Expanding the footprint was crucial.
“From day one, I and the other partners here had a clear vision that if we wanted to grow the company, we needed to look at other geographies,” Show said. “Pittsburgh is home, but as an advertising market, it’s where it was 25 to 30 years ago. Atlanta was on fire, a big market with a lot of interesting brands; I call it the New York City of the South. Miami is the epicenter of U.S. Hispanic culture. And New York is the capital of advertising in the U.S.”
Atlanta and Miami have been instrumental in attracting clients. New York has been “tremendous in finding talent,” he said, and having a presence there enables Chemistry to have talks and conferences.
A West Coast office is a distinct possibility. Los Angeles/San Diego is also crucial to the Latino market — while Miami tips Cuban and South American, southern California is a huge base for the Mexican market.

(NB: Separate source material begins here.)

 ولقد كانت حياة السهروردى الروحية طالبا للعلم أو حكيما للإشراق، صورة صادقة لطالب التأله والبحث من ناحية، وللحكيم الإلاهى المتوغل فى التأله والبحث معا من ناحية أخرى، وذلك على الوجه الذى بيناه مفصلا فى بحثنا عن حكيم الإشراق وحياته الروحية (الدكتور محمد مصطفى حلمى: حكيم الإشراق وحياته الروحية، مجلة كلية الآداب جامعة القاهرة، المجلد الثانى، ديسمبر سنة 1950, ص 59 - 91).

“We’ve had conversations over the last year and a half over a more significant investment on the West Coast,” Show said.
How big Chemistry will or wants to become is tough to answer. Show doesn’t cite size goals and, in fact, believes bigger isn’t necessarily better from customers’ perspectives. He said more clients across the country are gravitating toward smaller independents and that this wasn’t the case 10 or even five years ago.
Grimes agrees.
“Clients are looking at the agency landscape, the new tools, the new rules for success — and asking how they can navigate all of that with a flexible partner that isn’t going to drop them into the machine and churn out whatever AI and synthetic data say is best,” Grimes said.
That’s not to say Chemistry is against those new tools.
“I think they will help small agencies compete with big shops, but we have a deep respect for the thing that’s always worked: Doing the hard work of solving a business problem with creativity,” Grimes said. “That’s what’s on their mind day-to-day — at least the creative-oriented marketers we want to work with — and that’s what we, and independents like us, offer. Also, we’re cheaper.”